On October 29 last year, the High Court had asked the government to take steps to regulate online sale of medicines until a specific law or rules were enacted.
Mumbai:
Maharashtra government on Wednesday told the Bombay High Court that it was framing a policy for regulating online sale of medicines.
On October 29 last year, the High Court had asked the government to take steps to regulate online sale of medicines until a specific law or rules were enacted.
Hearing the government's submission that a policy was being framed, the bench of Justices Naresh Patel and Amjad Sayed on Wednesday said "this is a good beginning for creating public awareness about procedure to be followed and action to be taken against defaulters."
The High Court was hearing a public interest litigation.

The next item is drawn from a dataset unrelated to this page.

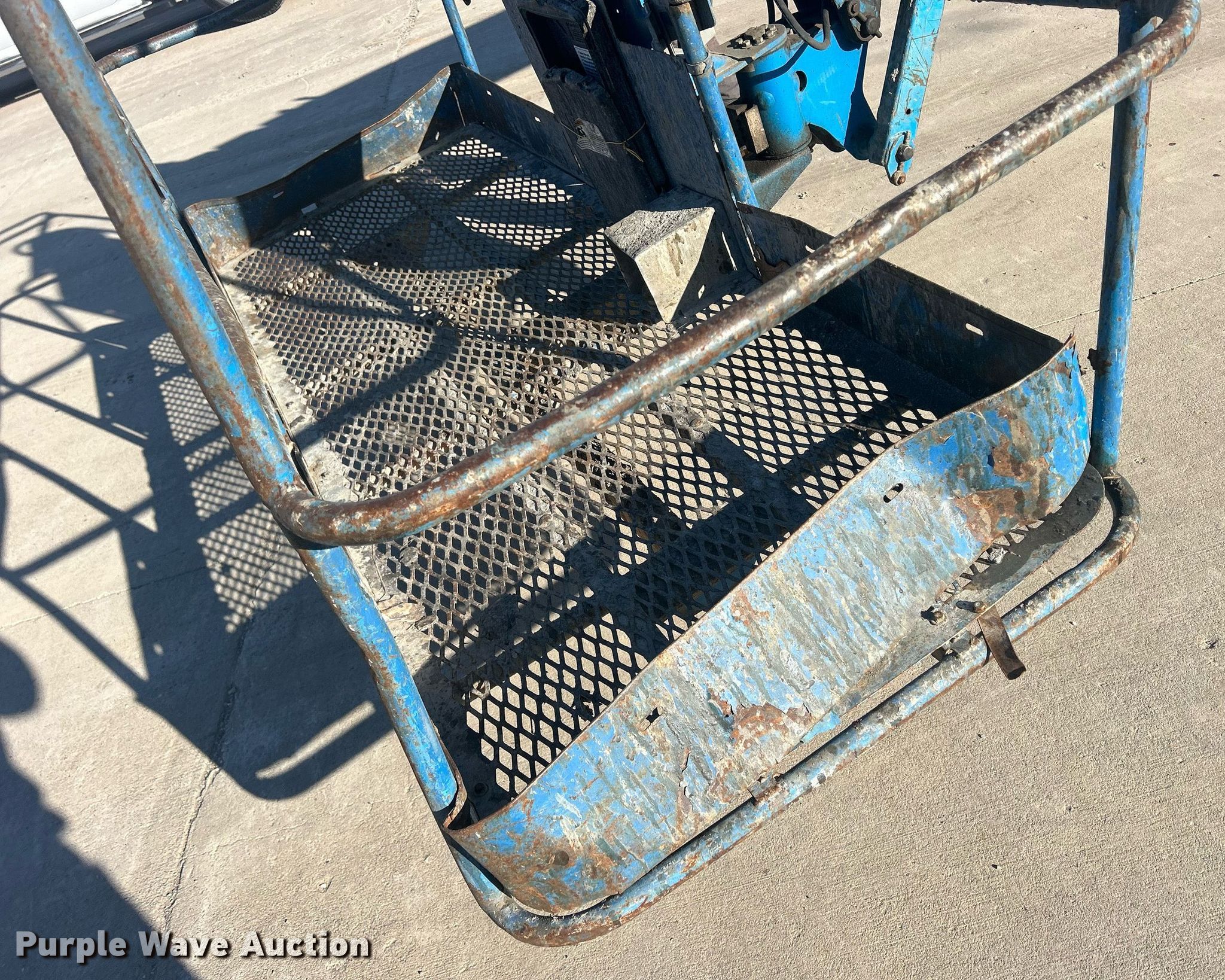 2007 Genie S-85 boom lift. Hours: 6,802 on meter, Serial: S8007-6108, Unit #: LFT108. Engine Perkins 804C, Cylinders: 4, Fuel type: Diesel. Chassis Four wheel drive. Features Articulating boom, Rough terrain, Maximum lift capacity: 500 lbs, Maximum reach length: 76' 11", Maximum lift height: 85', Hydraulic leveling, Platform: 32" L x 95" W, AC power outlet, Controls: Platform, Ground, Platform rotation: Hydraulic, Safety alarm, Extendable axles. Tires Size: 385/65-22.5. IOWA BRIDGE & CULVERT INC. 409 North Avenue B. Washington, IA 52353

The government had informed the High Court earlier that it had set up an experts' committee headed by the Foods and Drugs Administration Commissioner for regulation of online sale.
Action had been taken in nine cases where medicines were sold online without prescription, it had said, adding that there were as many as 81 websites which sell medicines online, of which 44 are India-based.
Mayuri Patil, a city-based college teacher, has filed the PIL based on reports that college students buy abortion pills online.
According to advocate Vallari Jathar, her lawyer, the drugs mentioned in schedule H of the Drugs and Cosmetics Act, which includes sleeping pills, abortion tablets and anti-pregnancy pills, cannot be bought without a doctor's prescription because their side-effects could be dangerous but they are available online.